What the task asks: Line by line, transcribe the listing below exactly.

Top of Data for this exercise

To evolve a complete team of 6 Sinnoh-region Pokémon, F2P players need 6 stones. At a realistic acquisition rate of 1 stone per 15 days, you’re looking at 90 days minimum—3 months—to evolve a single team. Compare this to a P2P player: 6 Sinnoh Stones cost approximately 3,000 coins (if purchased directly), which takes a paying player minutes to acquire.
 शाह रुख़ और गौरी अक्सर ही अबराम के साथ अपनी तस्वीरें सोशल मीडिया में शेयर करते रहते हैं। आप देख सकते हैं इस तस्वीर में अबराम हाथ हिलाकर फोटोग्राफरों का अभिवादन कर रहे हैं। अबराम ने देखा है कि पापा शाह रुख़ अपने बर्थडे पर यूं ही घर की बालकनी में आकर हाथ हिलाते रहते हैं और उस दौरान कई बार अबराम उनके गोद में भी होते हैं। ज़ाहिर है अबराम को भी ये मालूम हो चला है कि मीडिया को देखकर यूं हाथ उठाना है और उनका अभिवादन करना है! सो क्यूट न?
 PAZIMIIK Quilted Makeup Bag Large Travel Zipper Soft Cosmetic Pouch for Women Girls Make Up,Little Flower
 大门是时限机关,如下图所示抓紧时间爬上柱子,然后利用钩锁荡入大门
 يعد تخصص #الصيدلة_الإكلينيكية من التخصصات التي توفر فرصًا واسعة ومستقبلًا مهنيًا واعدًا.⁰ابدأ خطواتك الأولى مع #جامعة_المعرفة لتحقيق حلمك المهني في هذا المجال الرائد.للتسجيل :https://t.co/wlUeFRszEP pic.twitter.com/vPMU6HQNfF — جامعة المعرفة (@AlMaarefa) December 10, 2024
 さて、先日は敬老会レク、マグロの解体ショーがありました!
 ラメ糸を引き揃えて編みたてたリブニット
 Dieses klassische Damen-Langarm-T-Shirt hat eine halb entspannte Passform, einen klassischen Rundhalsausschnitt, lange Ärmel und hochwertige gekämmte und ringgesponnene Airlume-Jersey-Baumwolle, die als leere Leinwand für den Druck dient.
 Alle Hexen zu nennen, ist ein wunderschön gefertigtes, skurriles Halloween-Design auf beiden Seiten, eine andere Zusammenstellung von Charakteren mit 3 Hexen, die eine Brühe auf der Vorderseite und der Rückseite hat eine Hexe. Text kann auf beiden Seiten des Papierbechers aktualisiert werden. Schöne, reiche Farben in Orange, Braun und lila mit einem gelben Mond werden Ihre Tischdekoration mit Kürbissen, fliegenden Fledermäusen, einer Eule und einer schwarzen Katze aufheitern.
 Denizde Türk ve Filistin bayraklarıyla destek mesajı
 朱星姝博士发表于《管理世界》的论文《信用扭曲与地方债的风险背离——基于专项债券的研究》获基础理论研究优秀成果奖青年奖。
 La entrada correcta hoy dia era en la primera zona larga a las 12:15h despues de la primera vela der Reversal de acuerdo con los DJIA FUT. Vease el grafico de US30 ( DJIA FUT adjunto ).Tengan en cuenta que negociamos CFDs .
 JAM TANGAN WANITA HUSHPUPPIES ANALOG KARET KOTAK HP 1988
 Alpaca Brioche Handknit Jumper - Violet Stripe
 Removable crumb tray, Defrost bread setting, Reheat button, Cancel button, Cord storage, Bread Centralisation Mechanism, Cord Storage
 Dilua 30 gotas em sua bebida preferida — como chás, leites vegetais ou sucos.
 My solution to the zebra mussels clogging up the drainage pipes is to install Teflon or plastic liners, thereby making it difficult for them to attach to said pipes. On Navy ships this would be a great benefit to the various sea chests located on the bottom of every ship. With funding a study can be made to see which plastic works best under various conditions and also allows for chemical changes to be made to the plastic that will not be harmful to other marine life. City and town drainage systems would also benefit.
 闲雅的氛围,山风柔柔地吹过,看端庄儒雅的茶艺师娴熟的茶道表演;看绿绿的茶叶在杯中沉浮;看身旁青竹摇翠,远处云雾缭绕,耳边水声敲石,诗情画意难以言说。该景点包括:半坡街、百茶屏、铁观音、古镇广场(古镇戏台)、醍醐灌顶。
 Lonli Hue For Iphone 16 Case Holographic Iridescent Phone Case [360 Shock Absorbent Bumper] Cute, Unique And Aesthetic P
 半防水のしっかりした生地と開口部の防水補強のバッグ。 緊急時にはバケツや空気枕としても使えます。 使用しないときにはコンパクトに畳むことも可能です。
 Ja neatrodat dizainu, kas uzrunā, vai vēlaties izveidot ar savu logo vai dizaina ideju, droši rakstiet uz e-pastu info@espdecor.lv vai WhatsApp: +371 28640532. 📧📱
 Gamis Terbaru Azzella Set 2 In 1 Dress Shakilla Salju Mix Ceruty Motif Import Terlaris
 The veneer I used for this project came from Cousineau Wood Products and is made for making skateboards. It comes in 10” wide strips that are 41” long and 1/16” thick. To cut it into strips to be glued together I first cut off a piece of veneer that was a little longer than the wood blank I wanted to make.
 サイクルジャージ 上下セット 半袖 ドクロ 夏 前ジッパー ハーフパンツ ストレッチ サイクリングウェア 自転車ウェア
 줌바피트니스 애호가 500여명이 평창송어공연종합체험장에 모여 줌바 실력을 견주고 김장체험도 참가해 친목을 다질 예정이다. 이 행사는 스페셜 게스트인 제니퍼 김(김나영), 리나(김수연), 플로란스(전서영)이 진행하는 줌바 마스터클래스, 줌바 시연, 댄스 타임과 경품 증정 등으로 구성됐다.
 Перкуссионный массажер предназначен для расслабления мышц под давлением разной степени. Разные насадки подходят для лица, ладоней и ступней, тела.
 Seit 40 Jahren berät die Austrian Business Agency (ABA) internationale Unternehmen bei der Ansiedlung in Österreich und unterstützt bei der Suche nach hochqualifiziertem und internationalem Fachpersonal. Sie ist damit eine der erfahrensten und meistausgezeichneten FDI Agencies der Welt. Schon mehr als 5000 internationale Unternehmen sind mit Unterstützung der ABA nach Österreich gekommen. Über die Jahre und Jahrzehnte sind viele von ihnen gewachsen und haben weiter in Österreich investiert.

Bottom of Data for this exercise

Exercise output:
To evolve a complete team of 6 Sinnoh-region Pokémon, F2P players need 6 stones. At a realistic acquisition rate of 1 stone per 15 days, you’re looking at 90 days minimum—3 months—to evolve a single team. Compare this to a P2P player: 6 Sinnoh Stones cost approximately 3,000 coins (if purchased directly), which takes a paying player minutes to acquire.
 शाह रुख़ और गौरी अक्सर ही अबराम के साथ अपनी तस्वीरें सोशल मीडिया में शेयर करते रहते हैं। आप देख सकते हैं इस तस्वीर में अबराम हाथ हिलाकर फोटोग्राफरों का अभिवादन कर रहे हैं। अबराम ने देखा है कि पापा शाह रुख़ अपने बर्थडे पर यूं ही घर की बालकनी में आकर हाथ हिलाते रहते हैं और उस दौरान कई बार अबराम उनके गोद में भी होते हैं। ज़ाहिर है अबराम को भी ये मालूम हो चला है कि मीडिया को देखकर यूं हाथ उठाना है और उनका अभिवादन करना है! सो क्यूट न?
 PAZIMIIK Quilted Makeup Bag Large Travel Zipper Soft Cosmetic Pouch for Women Girls Make Up,Little Flower
 大门是时限机关,如下图所示抓紧时间爬上柱子,然后利用钩锁荡入大门
 يعد تخصص #الصيدلة_الإكلينيكية من التخصصات التي توفر فرصًا واسعة ومستقبلًا مهنيًا واعدًا.⁰ابدأ خطواتك الأولى مع #جامعة_المعرفة لتحقيق حلمك المهني في هذا المجال الرائد.للتسجيل :https://t.co/wlUeFRszEP pic.twitter.com/vPMU6HQNfF — جامعة المعرفة (@AlMaarefa) December 10, 2024
 さて、先日は敬老会レク、マグロの解体ショーがありました!
 ラメ糸を引き揃えて編みたてたリブニット
 Dieses klassische Damen-Langarm-T-Shirt hat eine halb entspannte Passform, einen klassischen Rundhalsausschnitt, lange Ärmel und hochwertige gekämmte und ringgesponnene Airlume-Jersey-Baumwolle, die als leere Leinwand für den Druck dient.
 Alle Hexen zu nennen, ist ein wunderschön gefertigtes, skurriles Halloween-Design auf beiden Seiten, eine andere Zusammenstellung von Charakteren mit 3 Hexen, die eine Brühe auf der Vorderseite und der Rückseite hat eine Hexe. Text kann auf beiden Seiten des Papierbechers aktualisiert werden. Schöne, reiche Farben in Orange, Braun und lila mit einem gelben Mond werden Ihre Tischdekoration mit Kürbissen, fliegenden Fledermäusen, einer Eule und einer schwarzen Katze aufheitern.
 Denizde Türk ve Filistin bayraklarıyla destek mesajı
 朱星姝博士发表于《管理世界》的论文《信用扭曲与地方债的风险背离——基于专项债券的研究》获基础理论研究优秀成果奖青年奖。
 La entrada correcta hoy dia era en la primera zona larga a las 12:15h despues de la primera vela der Reversal de acuerdo con los DJIA FUT. Vease el grafico de US30 ( DJIA FUT adjunto ).Tengan en cuenta que negociamos CFDs .
 JAM TANGAN WANITA HUSHPUPPIES ANALOG KARET KOTAK HP 1988
 Alpaca Brioche Handknit Jumper - Violet Stripe
 Removable crumb tray, Defrost bread setting, Reheat button, Cancel button, Cord storage, Bread Centralisation Mechanism, Cord Storage
 Dilua 30 gotas em sua bebida preferida — como chás, leites vegetais ou sucos.
 My solution to the zebra mussels clogging up the drainage pipes is to install Teflon or plastic liners, thereby making it difficult for them to attach to said pipes. On Navy ships this would be a great benefit to the various sea chests located on the bottom of every ship. With funding a study can be made to see which plastic works best under various conditions and also allows for chemical changes to be made to the plastic that will not be harmful to other marine life. City and town drainage systems would also benefit.
 闲雅的氛围,山风柔柔地吹过,看端庄儒雅的茶艺师娴熟的茶道表演;看绿绿的茶叶在杯中沉浮;看身旁青竹摇翠,远处云雾缭绕,耳边水声敲石,诗情画意难以言说。该景点包括:半坡街、百茶屏、铁观音、古镇广场(古镇戏台)、醍醐灌顶。
 Lonli Hue For Iphone 16 Case Holographic Iridescent Phone Case [360 Shock Absorbent Bumper] Cute, Unique And Aesthetic P
 半防水のしっかりした生地と開口部の防水補強のバッグ。 緊急時にはバケツや空気枕としても使えます。 使用しないときにはコンパクトに畳むことも可能です。
 Ja neatrodat dizainu, kas uzrunā, vai vēlaties izveidot ar savu logo vai dizaina ideju, droši rakstiet uz e-pastu info@espdecor.lv vai WhatsApp: +371 28640532. 📧📱
 Gamis Terbaru Azzella Set 2 In 1 Dress Shakilla Salju Mix Ceruty Motif Import Terlaris
 The veneer I used for this project came from Cousineau Wood Products and is made for making skateboards. It comes in 10” wide strips that are 41” long and 1/16” thick. To cut it into strips to be glued together I first cut off a piece of veneer that was a little longer than the wood blank I wanted to make.
 サイクルジャージ 上下セット 半袖 ドクロ 夏 前ジッパー ハーフパンツ ストレッチ サイクリングウェア 自転車ウェア
 줌바피트니스 애호가 500여명이 평창송어공연종합체험장에 모여 줌바 실력을 견주고 김장체험도 참가해 친목을 다질 예정이다. 이 행사는 스페셜 게스트인 제니퍼 김(김나영), 리나(김수연), 플로란스(전서영)이 진행하는 줌바 마스터클래스, 줌바 시연, 댄스 타임과 경품 증정 등으로 구성됐다.
 Перкуссионный массажер предназначен для расслабления мышц под давлением разной степени. Разные насадки подходят для лица, ладоней и ступней, тела.
 Seit 40 Jahren berät die Austrian Business Agency (ABA) internationale Unternehmen bei der Ansiedlung in Österreich und unterstützt bei der Suche nach hochqualifiziertem und internationalem Fachpersonal. Sie ist damit eine der erfahrensten und meistausgezeichneten FDI Agencies der Welt. Schon mehr als 5000 internationale Unternehmen sind mit Unterstützung der ABA nach Österreich gekommen. Über die Jahre und Jahrzehnte sind viele von ihnen gewachsen und haben weiter in Österreich investiert.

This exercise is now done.